P.S. We toyed with putting this Darling illustration on the cover, but the idea of a sumo Chancellor squatting on our readers’ coffee tables did not appeal. The original attempt, by the wonderful Carla Millar, was to put a Union Jack on the
cartoon used in the original cover to the 1980 Vapors single cover. It’s to the right – and fab. But we figured that there are only a handful of people sad enough to have recognised the reference.

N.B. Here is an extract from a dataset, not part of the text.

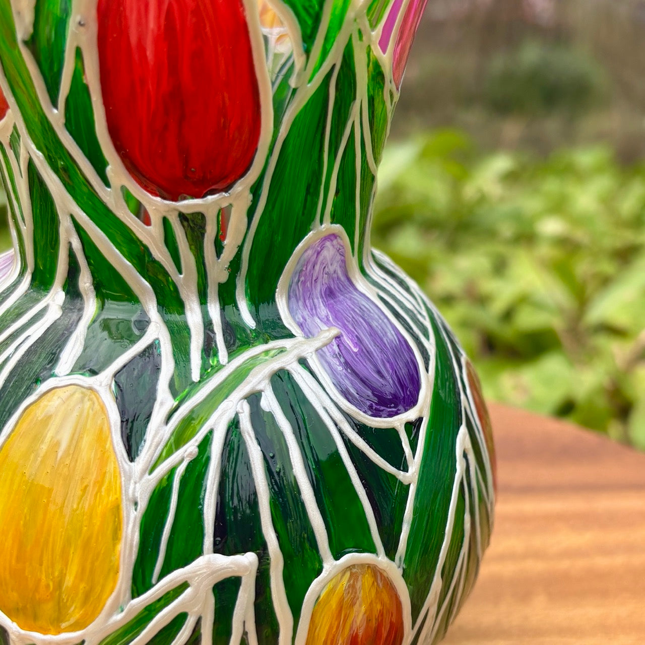This hand-painted glass vase is a truly one-of-a-kind piece from my Tulips collection, there will never be another, making yours entirely unique.

P.P.S. Tom Pride makes an excellent point below: reading and listening to Liam Halligan has done much to persuade me of the need to fix the banks. We did a post-Budget panel together in April where he urged Cameron to show leadership on this. He’s been pretty much on his own, but events are proving him right.
P.P.P.S. An economics editor of a national newspaper emails to say he’s been banned from saying “Turning Japanese” because of these ridiculous lyrical conspiracy theories. I ask you. The song is about love. Missing your girlfriend. Not recognising yourself without her, because of the behavioral pattern changes. There are some twisted minds out there.